1. Discretionary mitigation;

Articles 53 and 55 (1) 3 of the Criminal Act (see, e.g., Supreme Court Decisions 201Do1448, Apr. 2, 201; 201Do114, Apr. 2

1. Suspension of execution;

Article 62(1) of the Criminal Act (The grounds for discretionary mitigation shall be repeatedly considered, but the period shall be two years in order to prevent recidivism)

1. Probation and community service order;

Article 62-2 of the Criminal Act

Reasons for sentencing

The circumstances favorable to the defendant include the fact that the defendant led to the confession of the crime and reflects the mistake, that the defendant has no specific criminal record other than the one-time suspension of execution due to the crime committed against the crime committed against the defendant, and that there is no substantial damage to the victim due to intimidation by carrying a deadly weapon during the crime in this case.
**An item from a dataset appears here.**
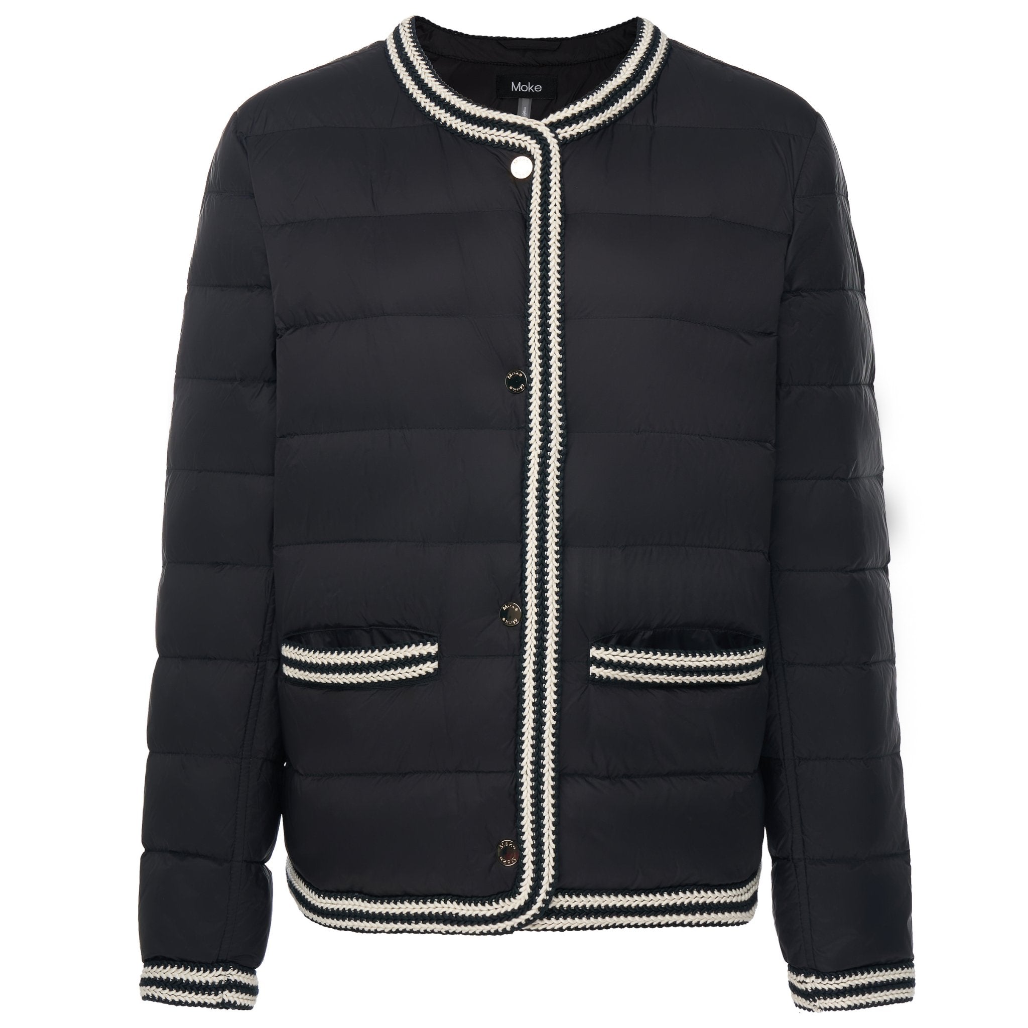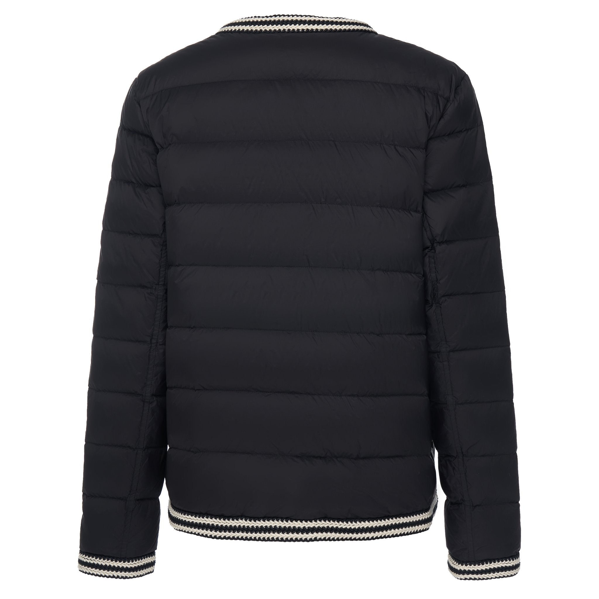 Crochet knit trim at the hems and cuffs adds texture and softness, bringing a subtle handcrafted feel that sets Fern apart from traditional puffers. An exposed snap-front closure with branded metal hardware keeps the silhouette clean, contemporary, and confidently polished.

On the other hand, the crime of this case is a situation unfavorable to the defendant, where the defendant injured the victim and threatened him with a deadly weapon, and the nature of the crime is not good, and the victim wants to punish the defendant.

The punishment as ordered shall be determined by comprehensively taking into account the following circumstances: Defendant’s age, character and conduct, motive and background of the instant crime, circumstances after the instant crime, etc., and various sentencing conditions as shown in the records and arguments.